When she died, he sat with her corpse for two days, then at her grave for a week, wrote her an anguished love poem, and forever after kept a lock of her hair in his diary, next to her photo.

White seems to have been a mass of unhappy contradictions. He railed against the British Labour government because he hated paying tax, and he moved to Ireland, then the Channel Islands, to avoid taxes, but he could be very generous with his money and time when it came to charitable causes. He claimed to hate people, but hosted week-long parties at his house in Alderney each summer and his friends all seemed to love him, despite his many faults. He was often miserable, but was “always capable of being surprised by joy” and his writing is full of humour.

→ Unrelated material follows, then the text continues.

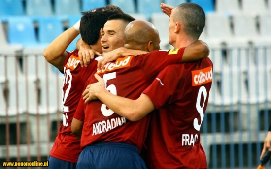 Przewaga Pogoni została przypieczętowana pod koniec pierwszej części meczu. Pierw w dobrej bramkowej sytuacji mocny strzał Frączczaka na rzut rożny wybił Krzysztof Stodoła, bramkarz Olimpii, a po chwili precyzyjne dośrodkowanie Ediego z rzutu rożnego celnym strzałem głową na bramkę zamienił właśnie Frączczak.

He announced in his forties that he was done with “forcing myself to be normal” and he gave up drinking – but not for very long, and he died at the relatively young age of fifty-seven of coronary heart disease, probably exacerbated by his drinking and chain-smoking.

This biography includes a discussion of each of White’s books, but I don’t think you need to be familiar with his work to find this book fascinating. I’d only read The Sword in the Stone (which I liked because it was full of animals), but I’m now curious about The Elephant and the Kangaroo, a satire set in Ireland. White, according to his Cambridge tutor, was “far more remarkable than anything he wrote” and his biographer seems to have agreed.